**MATERIAL FOR THIS TASK**
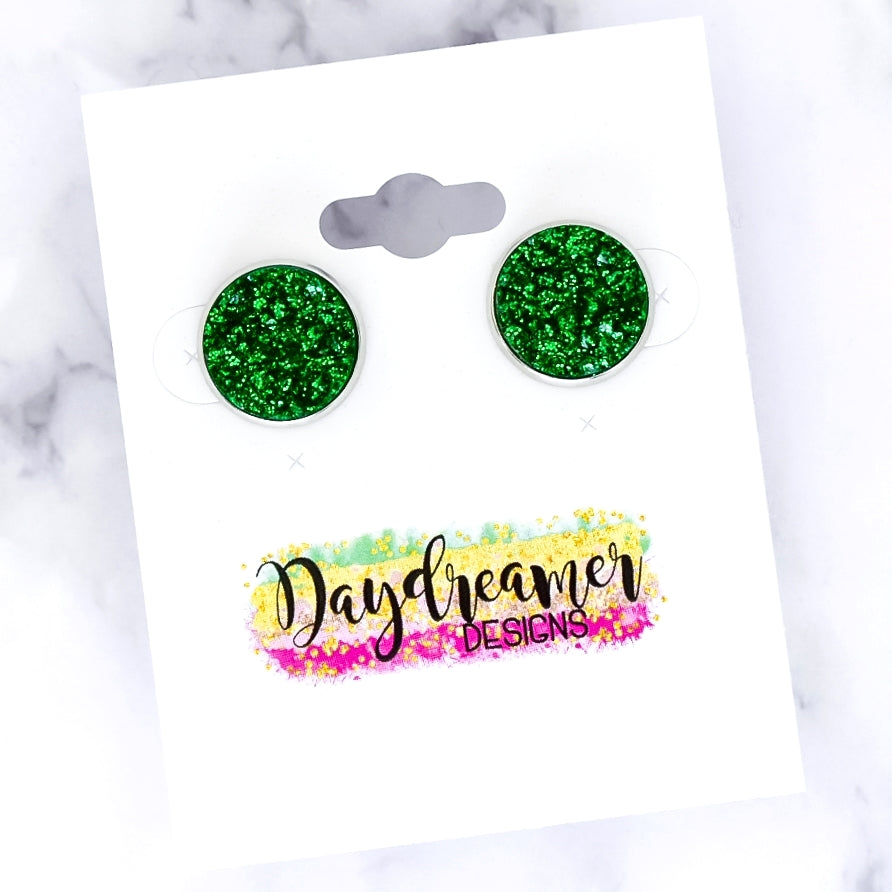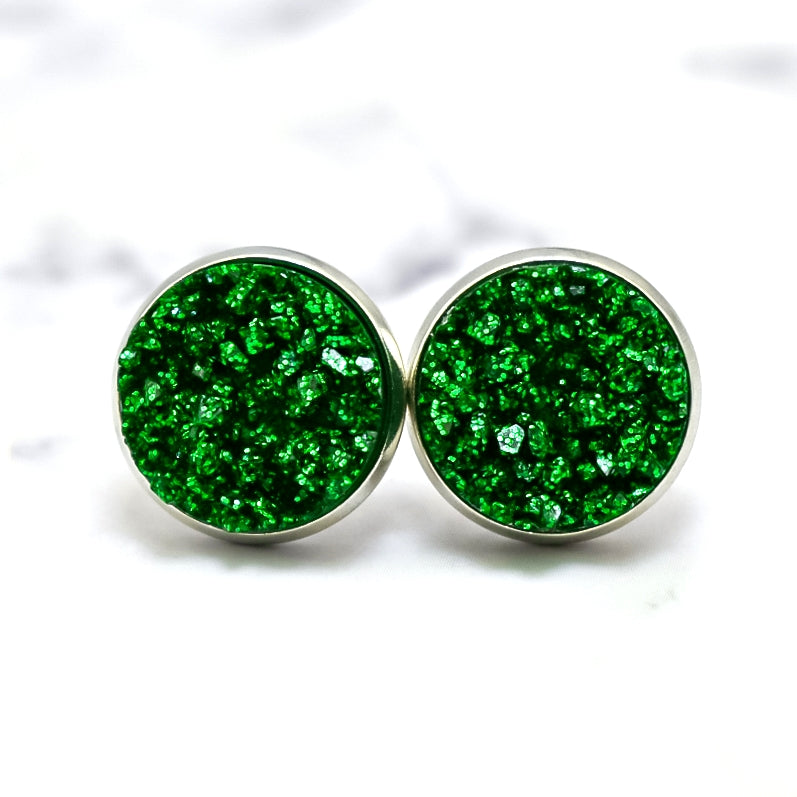 Shown are 12mm stud earrings. This is our most popular size for both adults and kids!
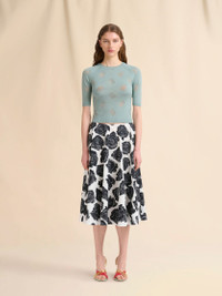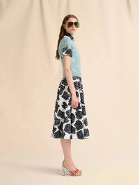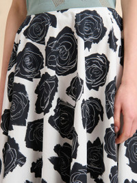 Midi skirt made from organic cotton poplin. Printed with this season's Luna black and white rose pattern, created using a special scraping technique on wet paint. Flared silhouette. Invisible back zip closure. Made in Italy MODEL GOMA0745A0UTC520LUW01 COMPOSITION Primary Fabric: 100% Cotton Woven
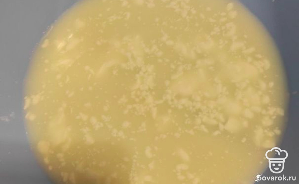 В сыворотку добавьте соль, соду и муку. Замесить тесто.
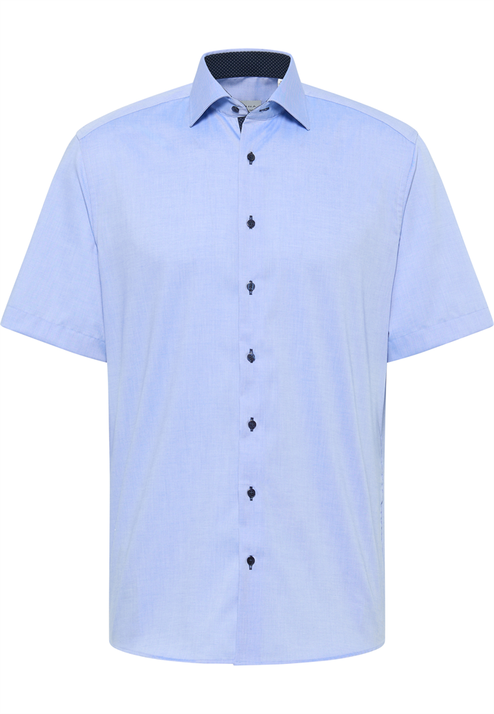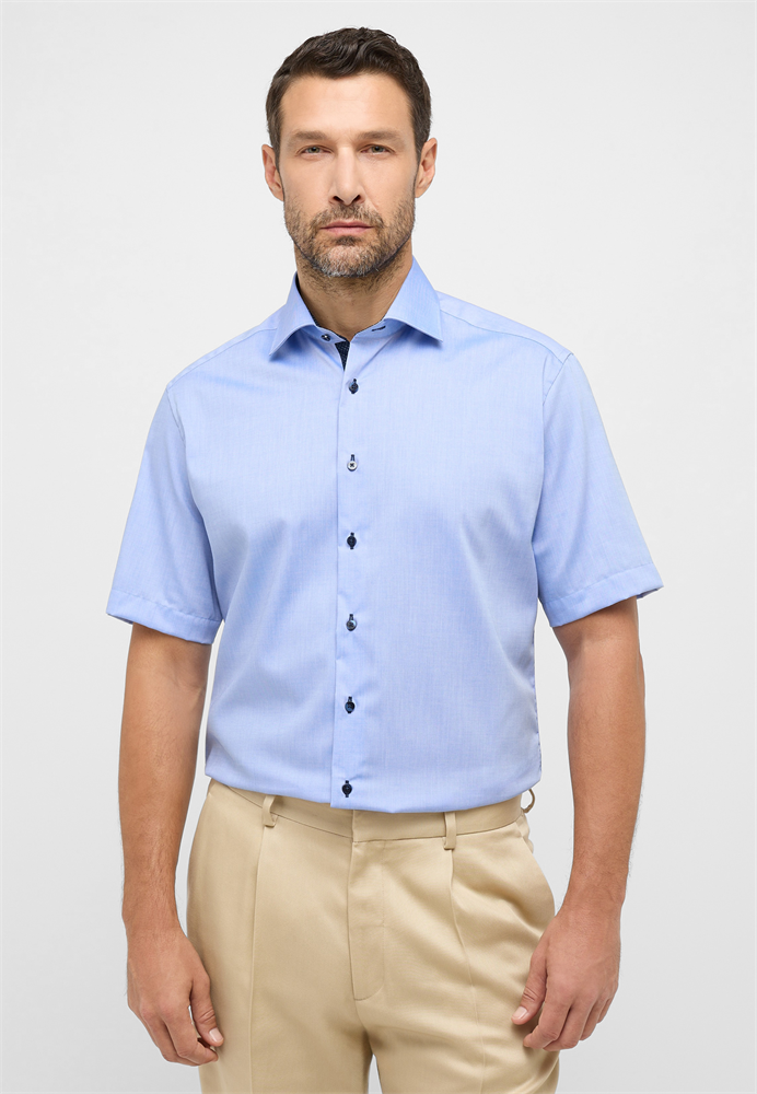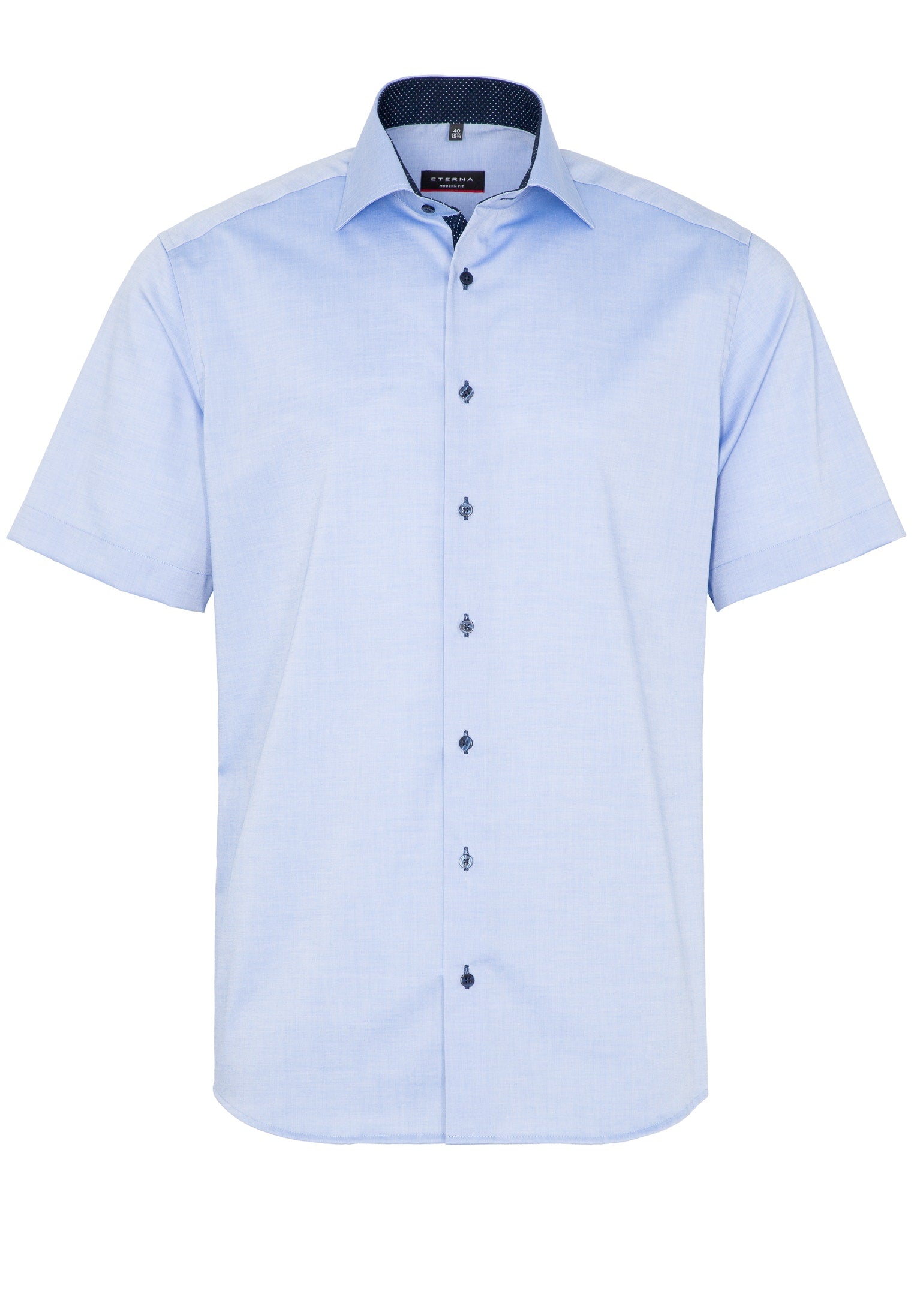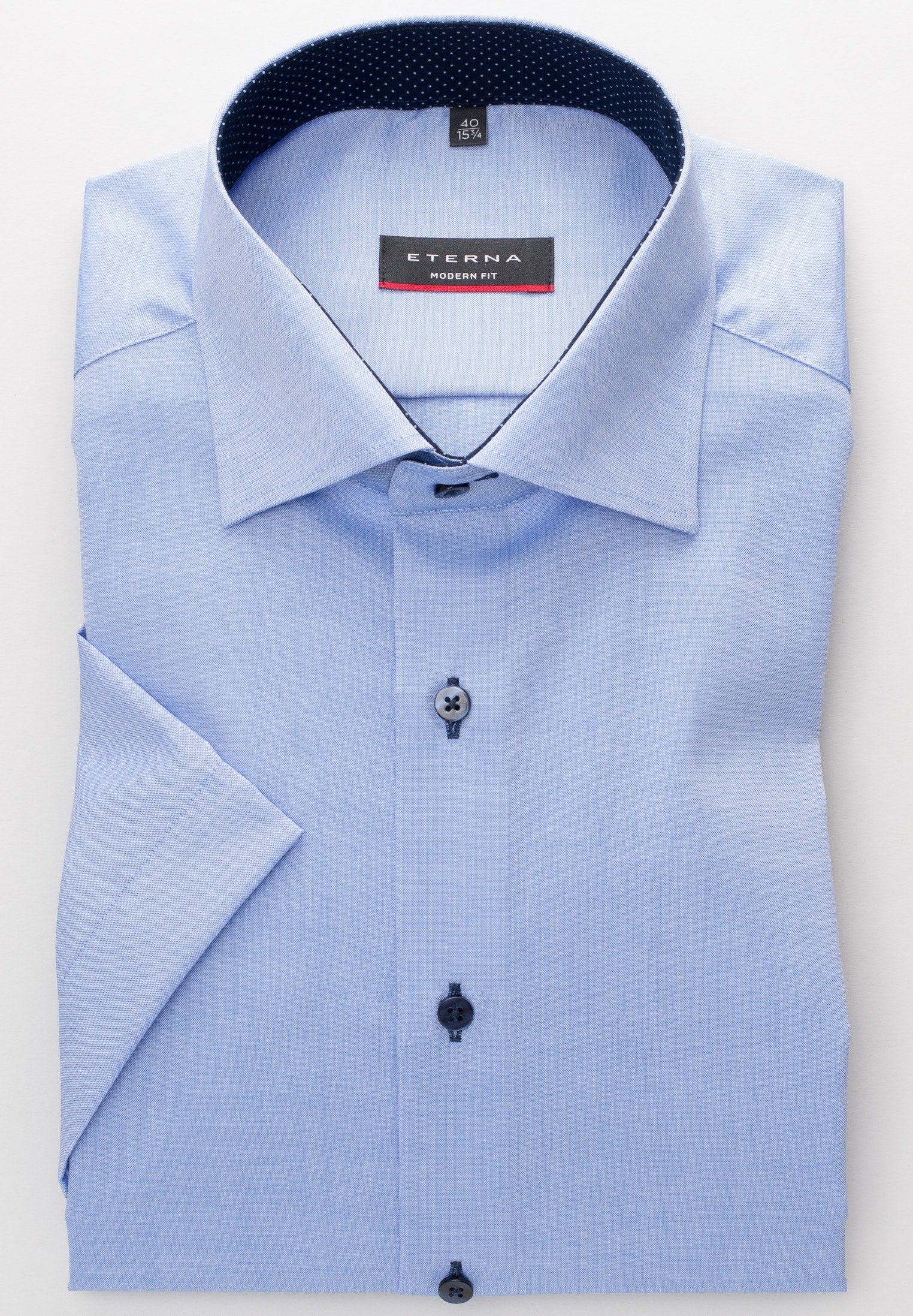 Ein unifarbenes Kurzarmhemd kommt nie aus der Mode und sollte sich in jedem gut sortierten Kleiderschrank befinden. Holen Sie sich mit diesem Herrenoberhemd mit Classic Kent-Kragen einen modernen aber zeitlosen Hemden-Klassiker ins Haus.Ein besonderer Hingucker ist der Kontrasteinsatz am Krageninnensteg und das Kontrastband im Vorderteil des Hemdes.Gefertigt ist dieses MODERN FIT Hemd aus 100% feinster Baumwolle (bügelfrei) und bietet dadurch einen erstklassigen Tragekomfort.Bestellen Sie noch heute dieses Pinpoint-Hemd in unserem Online-Shop und werten Sie Ihre Garderobe stilsicher auf.
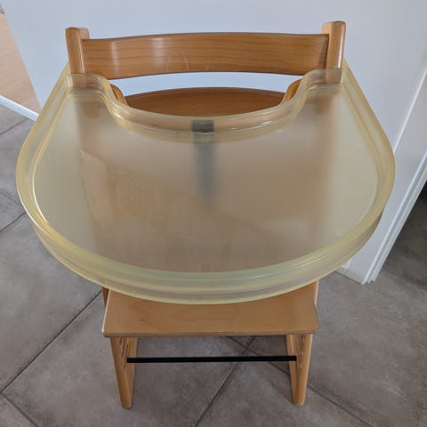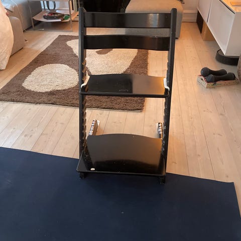 Stokke børnestol i træ med justerbar siddeplade og fodplade. Stolen har en løs hynde med traktormotiv i grønne nuancer, som giver ekstra siddekomfort. Egnet som spise- og aktivitetsstol til børn ved bordhøjde. Klassisk højstolsdesign, hvor sæde og fodplade kan flyttes i højden efter barnets størrelse.
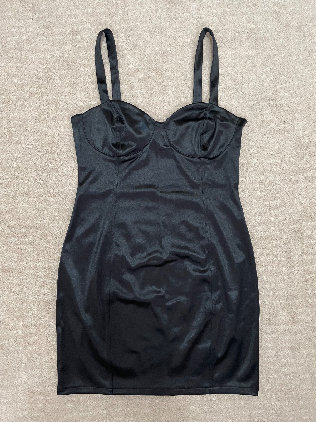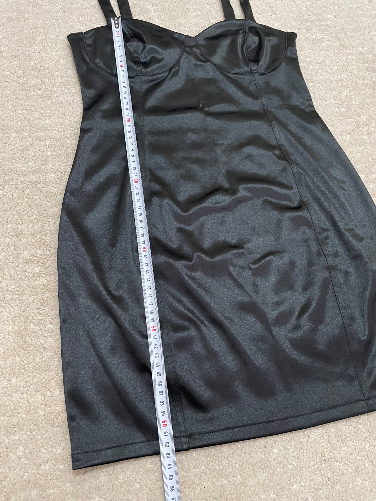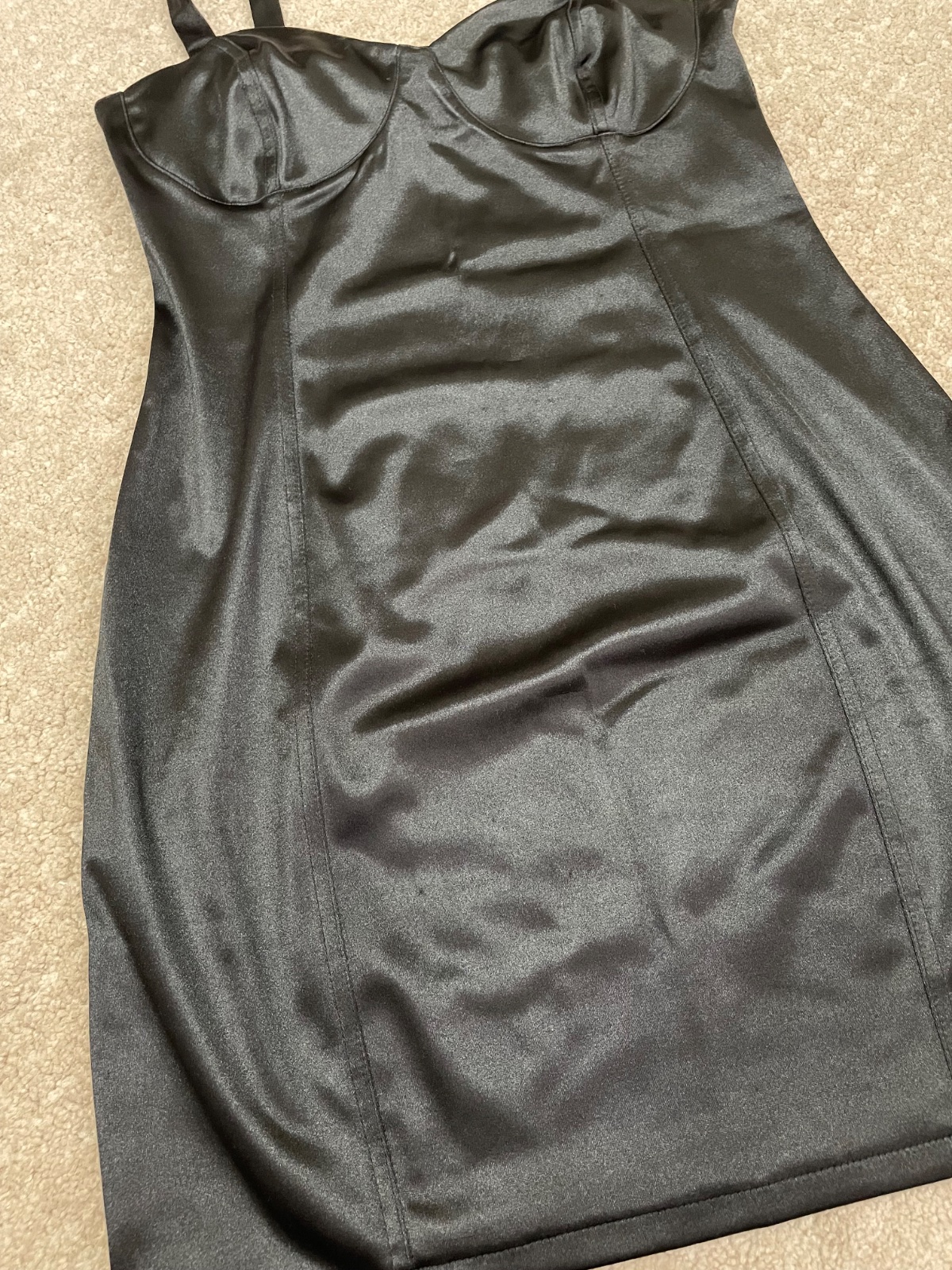 Čierne saténové lesklé minišaty. Korzetový vrch. Na party alebo oslavu.
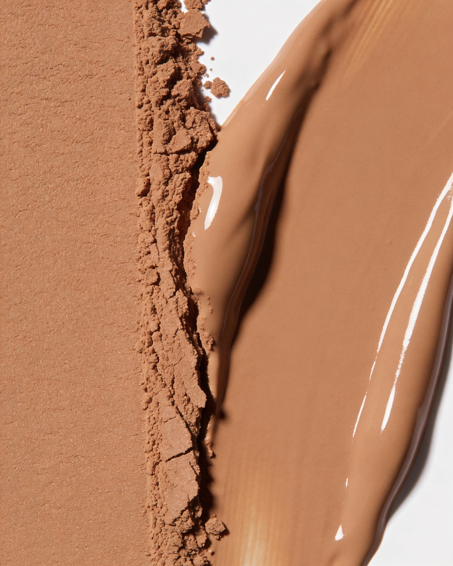 Close-up of liquid foundation and powder textures in warm tones, highlighting their contrasting finishes and smooth application.
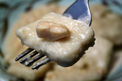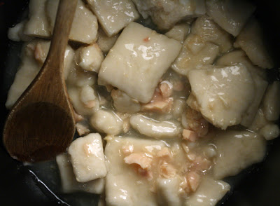 The dumplings themselves are firm but not too much so, and the taste is light and doughy, flavored by the chicken gravy.
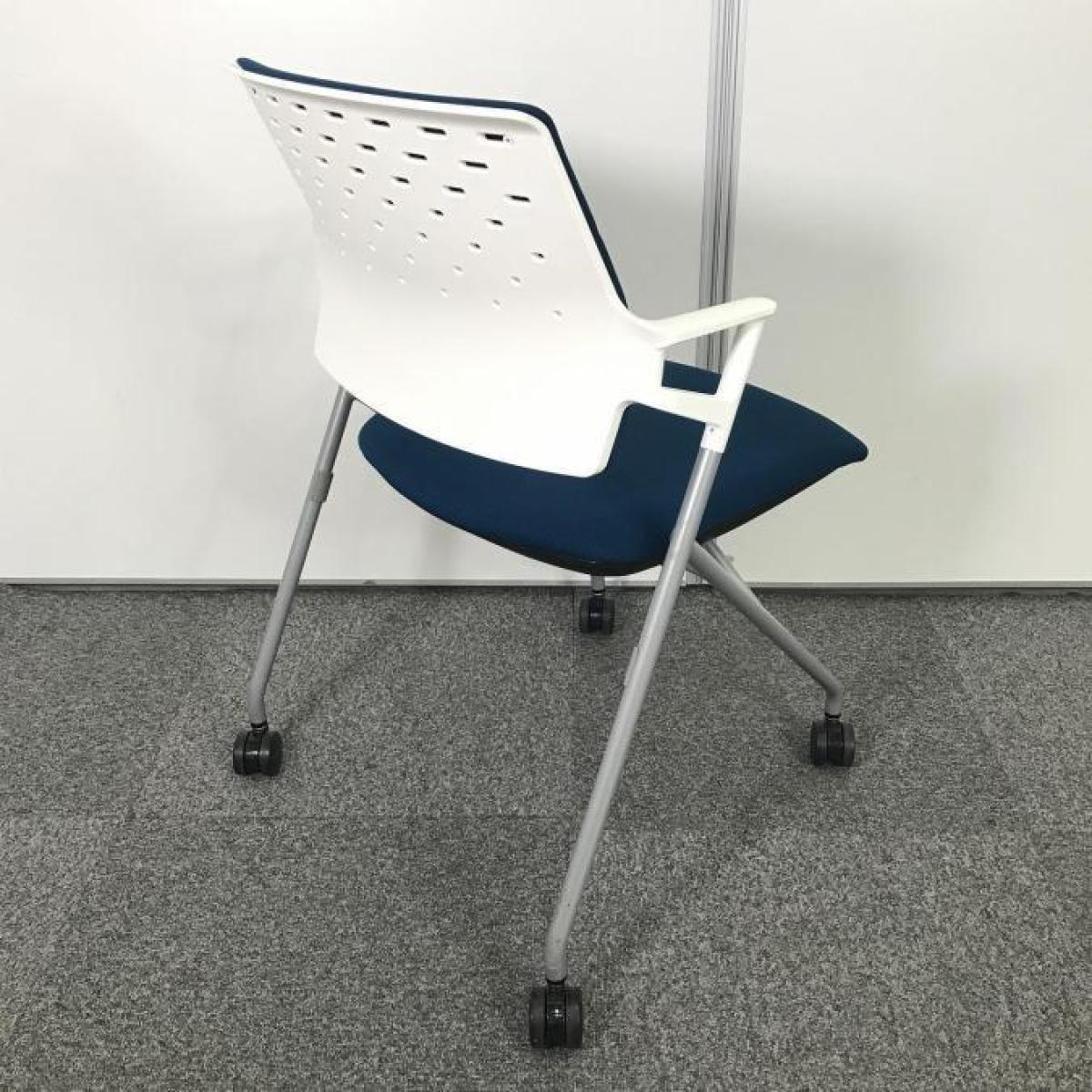 【在庫入れ替えSALE】【スタイリッシュなデザイン!水平スタッキングで準備や片づけの際にイスを持ち上げる必要がない!】■コクヨ(KOKUYO)製 ピエガシリーズ 肘付ミーティングチェア ■ブルー ■固定肘 ■キャスター付 ■会議用チェア 〈岐阜・愛知(名古屋)・三重・静岡・福井〉- 在庫数
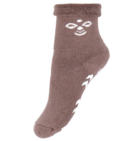 Fine Hummel socks in a dusty purple shade with a white Hummel bee on each side of the shaft.
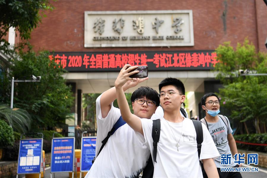 7月8日,在重慶市徐悲鴻中學考點,考生在考試結(jié)束后在校門口合影。當日,全國部分地區(qū)2020年高考結(jié)束。新華社記者唐奕攝

**EXERCISE INSTRUCTIONS**
Leave out every picture, and write out exactly the lines from the one with "Fine Hummel socks" through the end of the records above, both ends included.

**ANSWER TO THIS EXERCISE**
 Fine Hummel socks in a dusty purple shade with a white Hummel bee on each side of the shaft.
 7月8日,在重慶市徐悲鴻中學考點,考生在考試結(jié)束后在校門口合影。當日,全國部分地區(qū)2020年高考結(jié)束。新華社記者唐奕攝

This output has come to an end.